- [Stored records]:
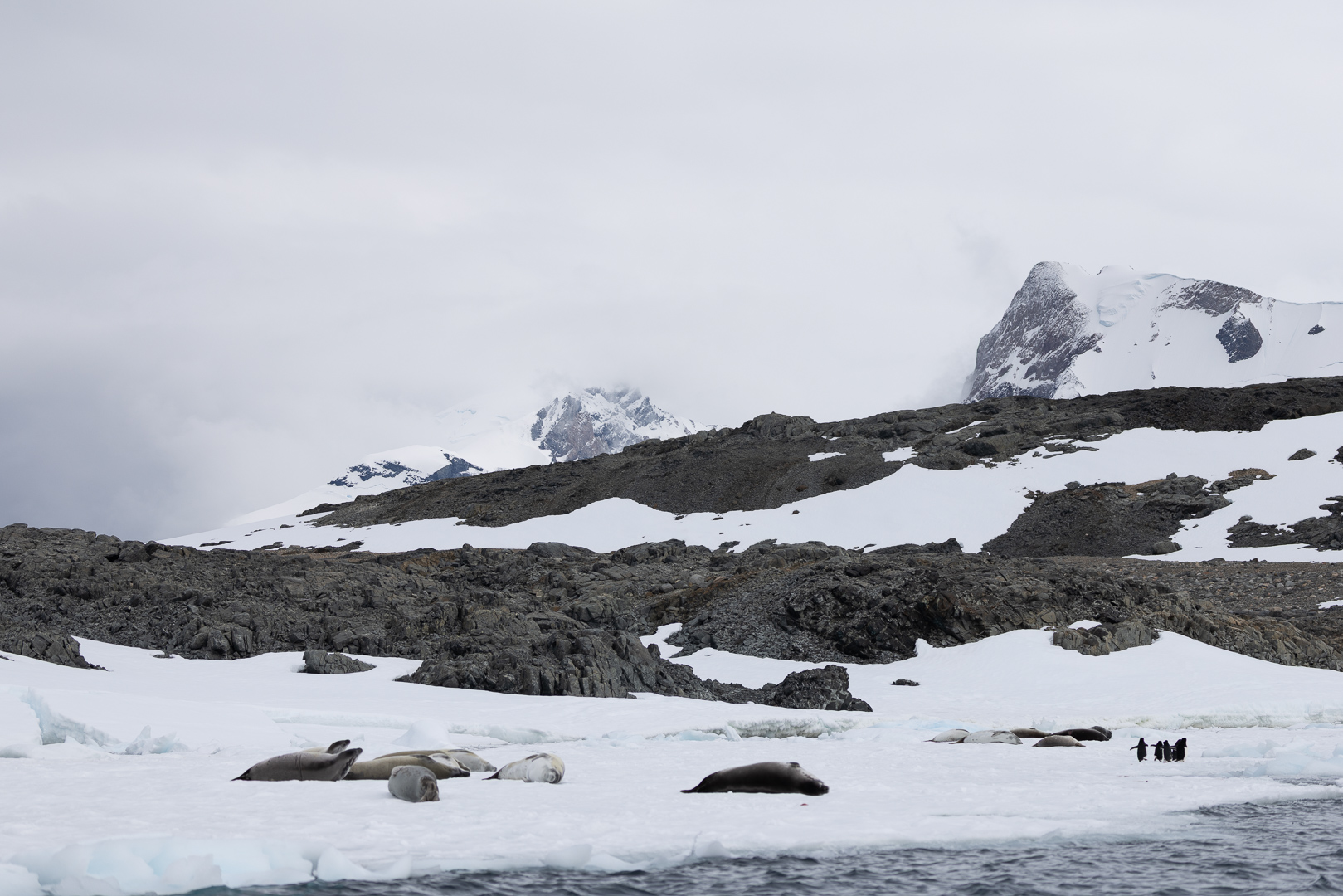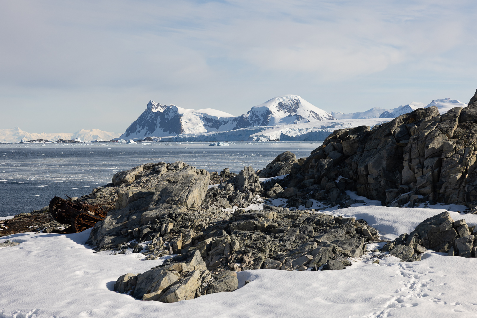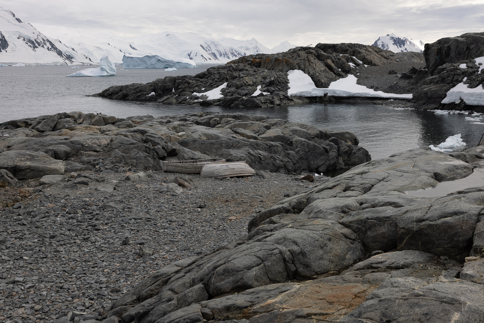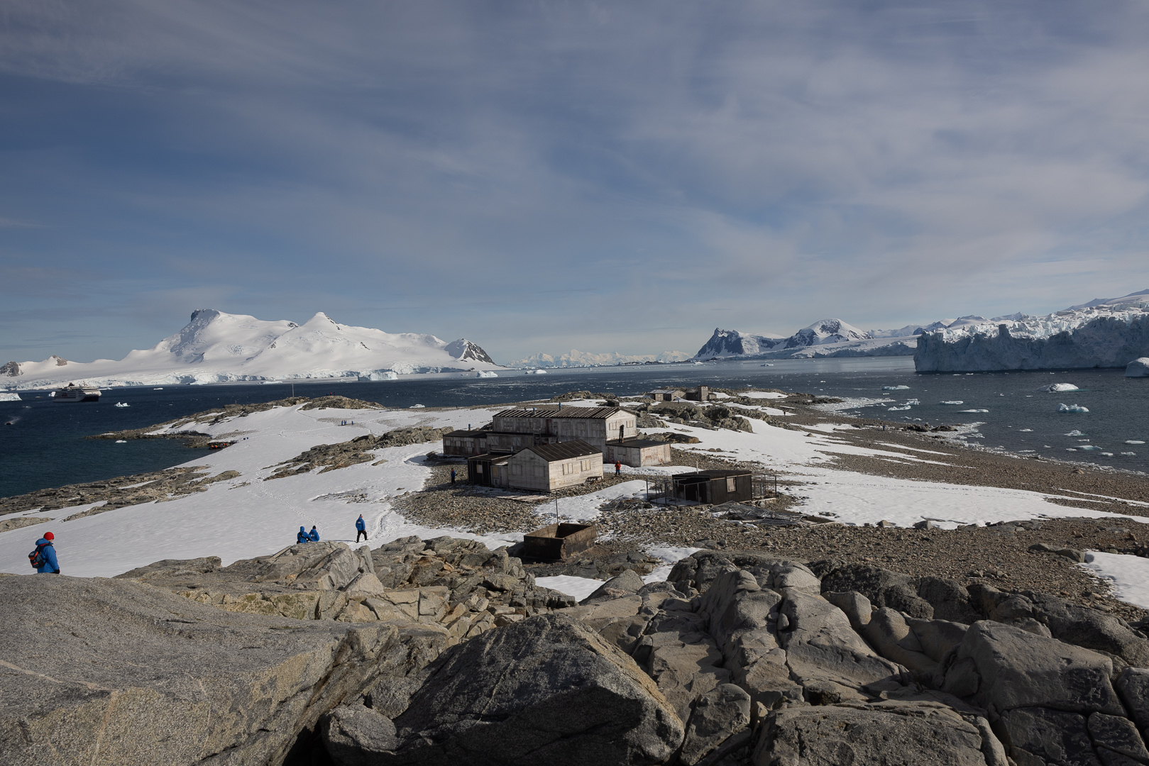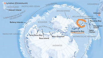südlich des Polarkreises ist die Zahl der Schiffe schon deutlich ausgedünnt gegenüber dem nördlichen Teil der antarktischen Halbinsel. Wir haben im Bereich der Marguerite Bay die Inseln Horseshoe Island, Pouquoi Pas und Stonington als südlichsten Punkt besucht, sind an Jenny Island herangefahren und vor die britische Forschungsstatation Rothera ganz im Norden.
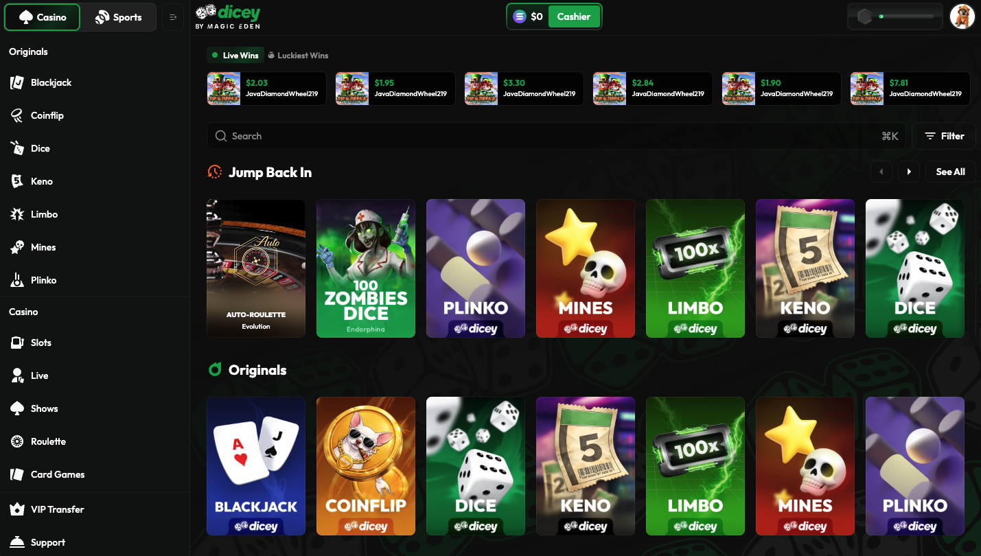 Dicey is a new crypto casino and sportsbook by Magic Eden, a popular NFT marketplace co-founded by Jack Lu.
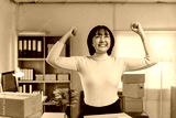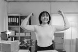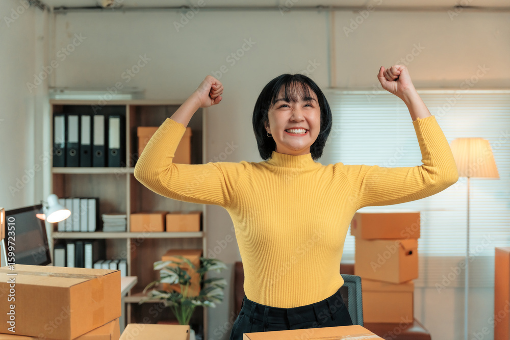 Young Asian woman raising her arms in celebration, smiling joyfully while surrounded by cardboard boxes in her startup office, embodying the excitement of entrepreneurial success
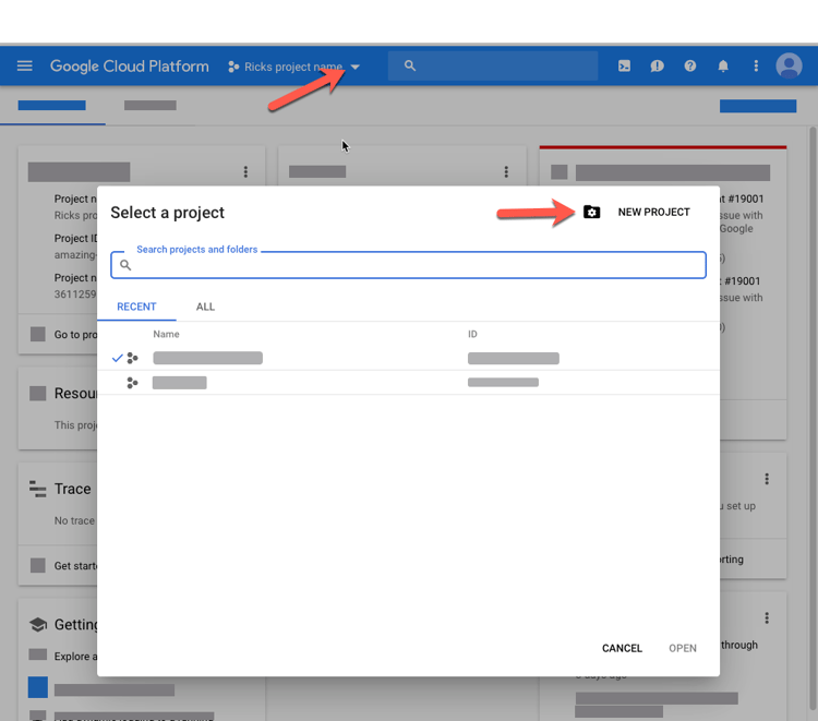 On the Dashboard page, to the right of Google Cloud Platform, click the Project drop-down list to open the Select a Project dialog box.
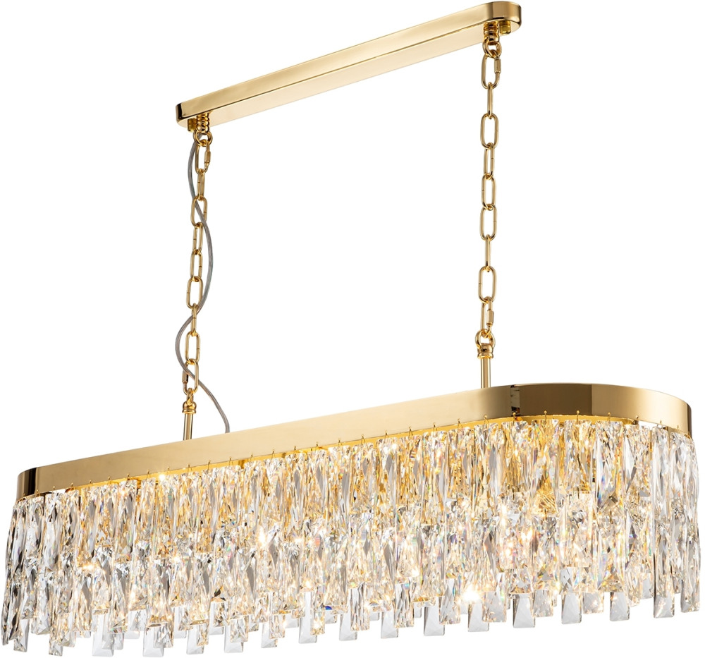 Корпус подвесной люстры создан из надежного металла, а золотой цвет добавит вашему интерьеру теплоты. Плафон выполнен в прозрачном цвете, что добавляет модели легкости, элегантности и завершенность образа.
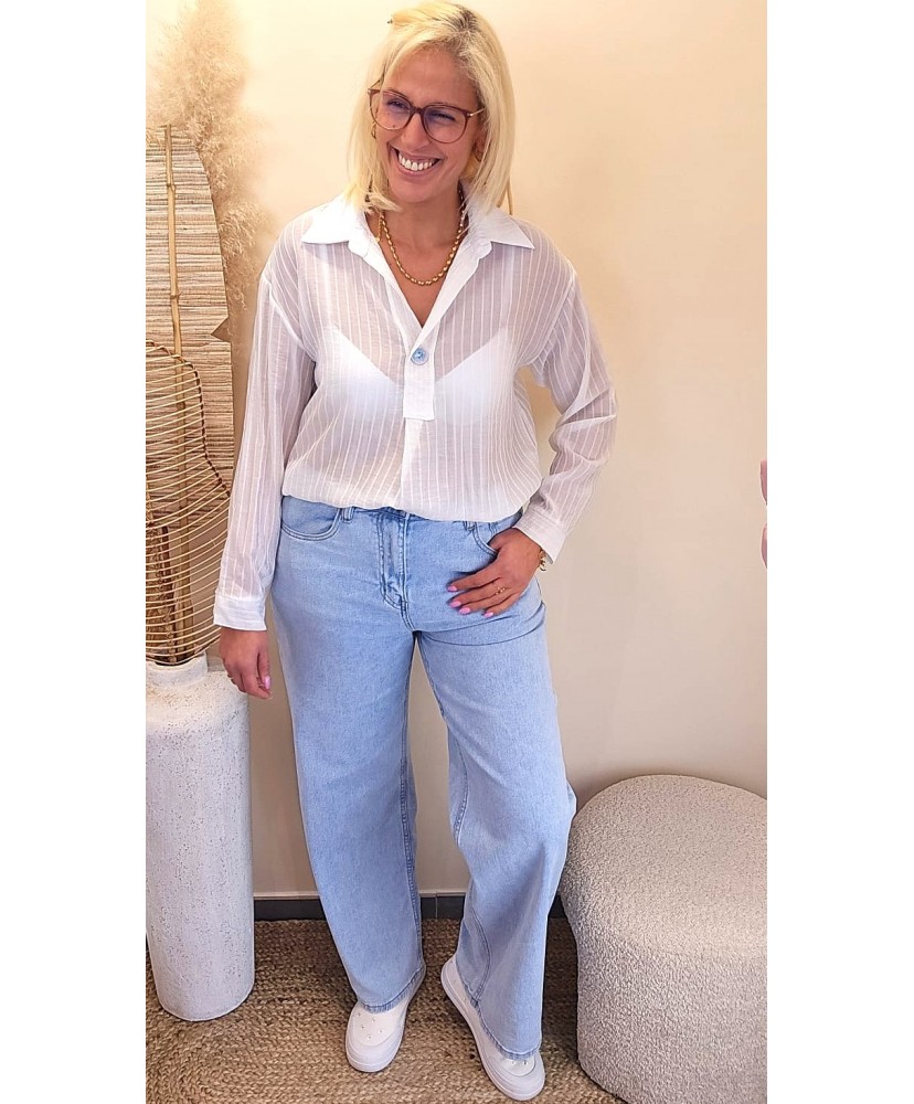 La Chemise Pure Élégance se porte aussi bien avec un jeans clair, un pantalon habillé ou une jupe, pour créer une tenue fraîche, chic et facile à porter au quotidien.
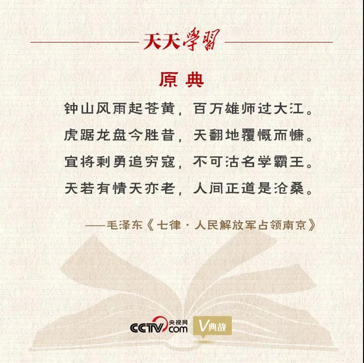 1949年4月21日,人民解放軍百萬大軍橫渡長江,4月23日一舉攻克國民黨盤踞22年的統(tǒng)治中心南京。毛澤東在北平西郊香山的雙清別墅得知消息后興奮異常,即興賦成《七律·人民解放軍占領(lǐng)南京》。其尾聯(lián)“天若有情天亦老,人間正道是滄桑”,包含毛澤東對歷史的慨嘆和思考。上句借用唐代詩人李賀《金銅仙人辭漢歌》的成句,意思是天是自然之物,然而長期見證歷史變遷,也會對人類社會翻天覆地的變化產(chǎn)生某種情感反應(yīng);下句對人間正在行進(jìn)著的歷史車輪無可阻擋的滄桑巨變,抒發(fā)無限感慨。

- [Try it]:
Restate every record above word for word, without images.

- [Task solution]:
südlich des Polarkreises ist die Zahl der Schiffe schon deutlich ausgedünnt gegenüber dem nördlichen Teil der antarktischen Halbinsel. Wir haben im Bereich der Marguerite Bay die Inseln Horseshoe Island, Pouquoi Pas und Stonington als südlichsten Punkt besucht, sind an Jenny Island herangefahren und vor die britische Forschungsstatation Rothera ganz im Norden.
 Dicey is a new crypto casino and sportsbook by Magic Eden, a popular NFT marketplace co-founded by Jack Lu.
 Young Asian woman raising her arms in celebration, smiling joyfully while surrounded by cardboard boxes in her startup office, embodying the excitement of entrepreneurial success
 On the Dashboard page, to the right of Google Cloud Platform, click the Project drop-down list to open the Select a Project dialog box.
 Корпус подвесной люстры создан из надежного металла, а золотой цвет добавит вашему интерьеру теплоты. Плафон выполнен в прозрачном цвете, что добавляет модели легкости, элегантности и завершенность образа.
 La Chemise Pure Élégance se porte aussi bien avec un jeans clair, un pantalon habillé ou une jupe, pour créer une tenue fraîche, chic et facile à porter au quotidien.
 1949年4月21日,人民解放軍百萬大軍橫渡長江,4月23日一舉攻克國民黨盤踞22年的統(tǒng)治中心南京。毛澤東在北平西郊香山的雙清別墅得知消息后興奮異常,即興賦成《七律·人民解放軍占領(lǐng)南京》。其尾聯(lián)“天若有情天亦老,人間正道是滄桑”,包含毛澤東對歷史的慨嘆和思考。上句借用唐代詩人李賀《金銅仙人辭漢歌》的成句,意思是天是自然之物,然而長期見證歷史變遷,也會對人類社會翻天覆地的變化產(chǎn)生某種情感反應(yīng);下句對人間正在行進(jìn)著的歷史車輪無可阻擋的滄桑巨變,抒發(fā)無限感慨。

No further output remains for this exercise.